Желание заработать хоть как-то привело к появлению многочисленных хирургов-лоукостеров. Мы были вынуждены следовать закону, обучать их на курсах первичной переподготовки (504 — 720 часов) и выпускать сертифицированных «недоспециалистов», которые сейчас продолжают работать на законных основаниях в разных городах России.
В этой ситуации хочется надеяться на здравый смысл социума и отдельных женщин, которые должны сначала провести минимальный сравнительный анализ, прежде чем доверить свое лицо, грудь или живот «звездам инстаграма».
— По Вашим оценкам, в России много таких сертифицированных «недоспециалистов»?
— Думаю, да. Пластические хирурги, которые входят в РОПРЕХ, являются специалистами высокого уровня. Они объединяются для того, чтобы находиться в однородной профессиональной среде. Все остальные — вне контроля со стороны местных органов власти и РОПРЕХ. Многие из таких докторов, на мой взгляд, не имеют права проводить эстетические операции.

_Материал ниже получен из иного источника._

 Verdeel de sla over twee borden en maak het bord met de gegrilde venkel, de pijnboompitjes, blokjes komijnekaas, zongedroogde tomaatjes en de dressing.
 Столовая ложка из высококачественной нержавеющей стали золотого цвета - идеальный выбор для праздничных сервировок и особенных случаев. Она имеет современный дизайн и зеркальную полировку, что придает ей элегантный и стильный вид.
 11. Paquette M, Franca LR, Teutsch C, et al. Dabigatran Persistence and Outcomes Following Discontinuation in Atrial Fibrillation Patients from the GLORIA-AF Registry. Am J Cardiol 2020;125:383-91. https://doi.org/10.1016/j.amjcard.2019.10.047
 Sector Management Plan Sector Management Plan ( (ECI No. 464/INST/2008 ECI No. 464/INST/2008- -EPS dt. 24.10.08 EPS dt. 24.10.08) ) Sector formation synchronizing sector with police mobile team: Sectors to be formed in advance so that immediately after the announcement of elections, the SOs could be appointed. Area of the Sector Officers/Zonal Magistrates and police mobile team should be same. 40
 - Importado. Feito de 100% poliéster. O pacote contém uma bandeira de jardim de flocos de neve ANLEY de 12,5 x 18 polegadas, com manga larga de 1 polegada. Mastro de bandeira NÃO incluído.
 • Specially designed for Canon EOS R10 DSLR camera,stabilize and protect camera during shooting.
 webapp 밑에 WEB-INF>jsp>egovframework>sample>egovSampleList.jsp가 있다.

Например, эстетическую блефаропластику (пластика век) повсеместно проводят офтальмологи; эстетическую ринопластику (не путать с восстановлением носового дыхания) — ЛОР-хирурги; торакальные хирурги (хирургия органов грудной клетки) занимаются увеличением молочных желез; общие хирурги проводят эстетическую абдоминопластику (пластика живота). Все эти специалисты должны заниматься совершенно другими делами, но они расценивают эстетические операции как дополнительный заработок. Бороться с этим можно только на уровне Минздрава и законотворчества.

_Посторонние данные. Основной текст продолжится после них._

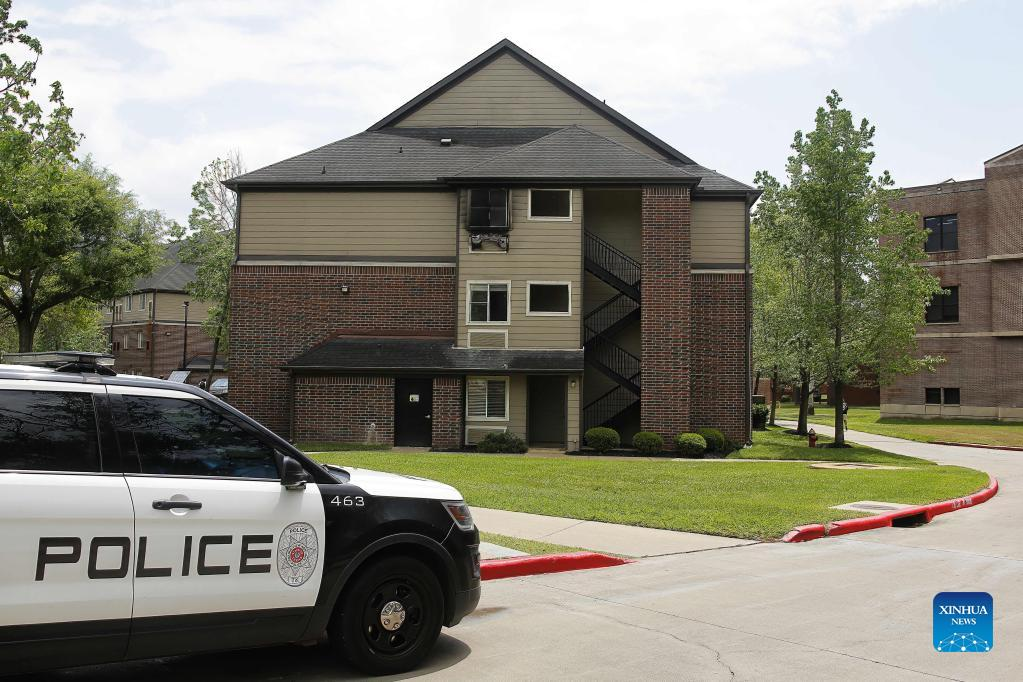 A police vehicle is seen in front of a dorm building where a fire broke out at the Prairie View A&M University in Texas, the United States, on April 20, 2022. At least four people, including three students, were injured in a fire at a dorm building of the Prairie View A&M University early Wednesday morning, authorities said. (Photo by Chengyue Lao/Xinhua)

— В ответ на дефицит объективной информации в сфере пластической хирургии «Социальный навигатор» МИА «Россия сегодня» опубликовал рейтинг «Лучшие клиники пластической хирургии Москвы – 2016». В этом году проект должен охватить всю территорию России. Какова ситуация в Санкт-Петербурге? Есть подозрение, что в северной столице много хороших клиник и оперирующих врачей, а цены на медицинские услуги ниже. Это так?
— Топовые клиники в Санкт-Петербурге, пожалуй, не дешевле, чем в Москве. Нужно учитывать не только профессиональные навыки доктора, но и уровень медицинского обеспечения операций. Если пациент обращается к демпингующему хирургу, он должен понимать, что его будут шить допотопными нитками, давать наркоз устаревшими препаратами, использовать самые дешевые импланты и пр. Бесплатный сыр бывает только в мышеловке.
Санкт-Петербург, кстати, в этом смысле находится в более спокойном положении, чем Москва. У нас в разы меньше пластических хирургов. Полуподпольная деятельность сразу всплывает на поверхность. Пациенты с осложнениями ходят по кругу от одного доктора к другому, случаи неудачных операций становятся общеизвестными.
Кроме того, ситуация достаточно благоприятная, поскольку основой костяк пластических хирургов оперируют давно. Санкт-Петербург меньше Москвы, мы все друг друга знаем. Приток молодых хирургов происходит через три кафедры пластической хирургии. Мы понимаем, кого и куда мы выпускаем.